**** RECORDED INFORMATION ****
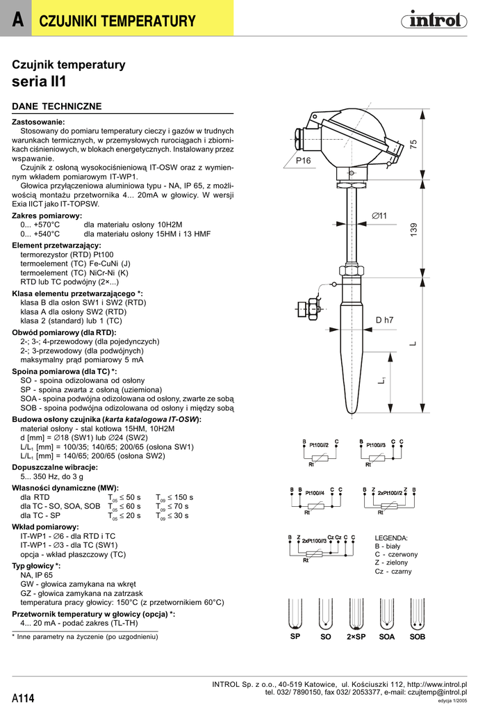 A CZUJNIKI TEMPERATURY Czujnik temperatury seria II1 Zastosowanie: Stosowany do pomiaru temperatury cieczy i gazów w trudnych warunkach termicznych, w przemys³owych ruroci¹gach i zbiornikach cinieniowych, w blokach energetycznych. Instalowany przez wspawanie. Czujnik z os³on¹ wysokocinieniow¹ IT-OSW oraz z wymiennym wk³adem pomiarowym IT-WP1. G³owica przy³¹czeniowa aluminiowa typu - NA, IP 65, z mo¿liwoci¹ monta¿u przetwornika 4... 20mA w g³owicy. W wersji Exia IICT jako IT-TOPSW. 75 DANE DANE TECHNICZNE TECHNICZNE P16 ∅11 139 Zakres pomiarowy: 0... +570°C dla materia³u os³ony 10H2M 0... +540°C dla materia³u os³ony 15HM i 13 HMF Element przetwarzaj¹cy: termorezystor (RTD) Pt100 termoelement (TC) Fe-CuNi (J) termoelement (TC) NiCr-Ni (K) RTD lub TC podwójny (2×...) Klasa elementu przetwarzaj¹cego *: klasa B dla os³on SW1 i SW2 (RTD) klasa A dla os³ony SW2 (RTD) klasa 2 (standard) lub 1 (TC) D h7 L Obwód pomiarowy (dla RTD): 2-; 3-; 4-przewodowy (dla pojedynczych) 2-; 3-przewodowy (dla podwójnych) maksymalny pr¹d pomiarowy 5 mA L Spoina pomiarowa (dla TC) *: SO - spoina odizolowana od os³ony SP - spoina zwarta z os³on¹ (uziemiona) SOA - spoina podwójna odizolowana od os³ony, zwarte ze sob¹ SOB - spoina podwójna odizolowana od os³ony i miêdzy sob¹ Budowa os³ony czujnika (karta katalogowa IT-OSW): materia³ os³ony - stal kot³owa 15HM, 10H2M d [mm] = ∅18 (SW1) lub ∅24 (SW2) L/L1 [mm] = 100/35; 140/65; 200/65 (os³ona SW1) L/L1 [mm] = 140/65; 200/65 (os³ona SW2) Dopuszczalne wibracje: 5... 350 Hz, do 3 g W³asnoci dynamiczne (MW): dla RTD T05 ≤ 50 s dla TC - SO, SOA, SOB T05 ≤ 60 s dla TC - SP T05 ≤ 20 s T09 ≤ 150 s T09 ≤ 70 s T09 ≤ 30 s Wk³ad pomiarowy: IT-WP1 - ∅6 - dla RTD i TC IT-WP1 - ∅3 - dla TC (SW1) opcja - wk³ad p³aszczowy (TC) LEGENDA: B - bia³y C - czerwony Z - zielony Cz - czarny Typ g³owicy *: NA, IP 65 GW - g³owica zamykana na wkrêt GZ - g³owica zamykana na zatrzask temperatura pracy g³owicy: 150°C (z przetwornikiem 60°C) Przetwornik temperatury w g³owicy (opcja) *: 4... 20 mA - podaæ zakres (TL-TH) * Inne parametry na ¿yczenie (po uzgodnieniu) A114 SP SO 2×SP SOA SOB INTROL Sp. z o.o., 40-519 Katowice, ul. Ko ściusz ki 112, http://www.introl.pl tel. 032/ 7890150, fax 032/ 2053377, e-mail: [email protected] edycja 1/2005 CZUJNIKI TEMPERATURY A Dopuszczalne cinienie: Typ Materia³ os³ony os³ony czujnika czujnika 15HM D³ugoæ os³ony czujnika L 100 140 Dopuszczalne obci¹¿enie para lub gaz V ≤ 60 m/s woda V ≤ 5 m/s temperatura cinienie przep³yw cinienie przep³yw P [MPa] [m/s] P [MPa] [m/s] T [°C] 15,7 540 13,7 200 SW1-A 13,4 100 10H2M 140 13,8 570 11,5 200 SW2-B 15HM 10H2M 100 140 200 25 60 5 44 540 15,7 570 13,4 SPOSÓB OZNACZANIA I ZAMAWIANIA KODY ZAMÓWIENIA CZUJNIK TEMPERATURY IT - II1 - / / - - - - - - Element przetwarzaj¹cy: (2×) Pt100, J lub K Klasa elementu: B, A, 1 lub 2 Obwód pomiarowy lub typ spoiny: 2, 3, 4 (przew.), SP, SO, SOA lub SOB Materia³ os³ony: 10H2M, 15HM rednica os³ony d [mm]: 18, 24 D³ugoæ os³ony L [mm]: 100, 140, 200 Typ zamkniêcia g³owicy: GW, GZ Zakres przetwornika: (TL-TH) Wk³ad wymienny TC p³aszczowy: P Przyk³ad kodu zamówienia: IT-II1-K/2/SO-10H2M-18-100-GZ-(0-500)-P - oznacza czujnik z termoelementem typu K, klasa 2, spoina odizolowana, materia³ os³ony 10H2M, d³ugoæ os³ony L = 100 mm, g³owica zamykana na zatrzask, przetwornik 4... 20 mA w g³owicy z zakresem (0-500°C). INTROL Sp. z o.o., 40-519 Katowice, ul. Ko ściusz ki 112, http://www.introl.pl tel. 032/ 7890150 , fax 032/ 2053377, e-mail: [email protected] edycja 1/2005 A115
****
**** RECORDED INFORMATION ****
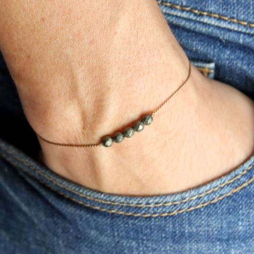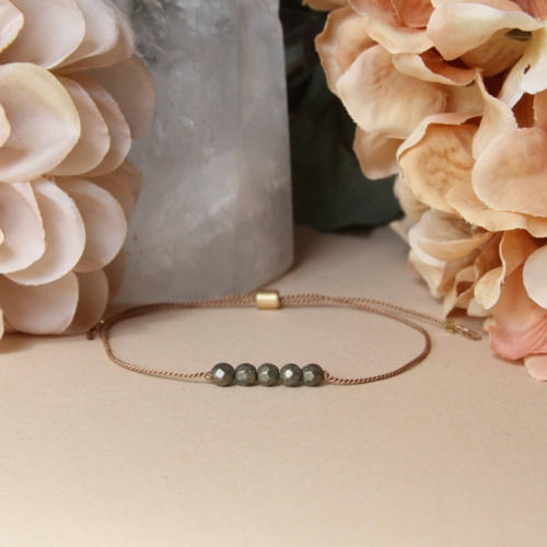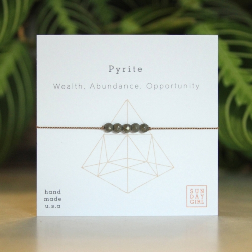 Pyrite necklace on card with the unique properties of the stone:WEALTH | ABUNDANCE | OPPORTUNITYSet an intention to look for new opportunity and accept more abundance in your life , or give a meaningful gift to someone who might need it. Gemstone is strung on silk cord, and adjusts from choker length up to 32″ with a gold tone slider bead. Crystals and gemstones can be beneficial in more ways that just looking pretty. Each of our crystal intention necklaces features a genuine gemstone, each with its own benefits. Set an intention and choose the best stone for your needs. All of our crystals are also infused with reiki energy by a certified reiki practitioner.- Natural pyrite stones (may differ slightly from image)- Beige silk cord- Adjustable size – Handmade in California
****
**** RECORDED INFORMATION ****
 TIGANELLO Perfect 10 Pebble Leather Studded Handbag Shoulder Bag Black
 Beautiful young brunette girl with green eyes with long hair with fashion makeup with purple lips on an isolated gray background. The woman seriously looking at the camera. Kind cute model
****
Copy only this part of the entries above: the line with "TIGANELLO Perfect 10", the line with "Beautiful young brunette", and the lines between, all exactly as written.

 TIGANELLO Perfect 10 Pebble Leather Studded Handbag Shoulder Bag Black
 Beautiful young brunette girl with green eyes with long hair with fashion makeup with purple lips on an isolated gray background. The woman seriously looking at the camera. Kind cute model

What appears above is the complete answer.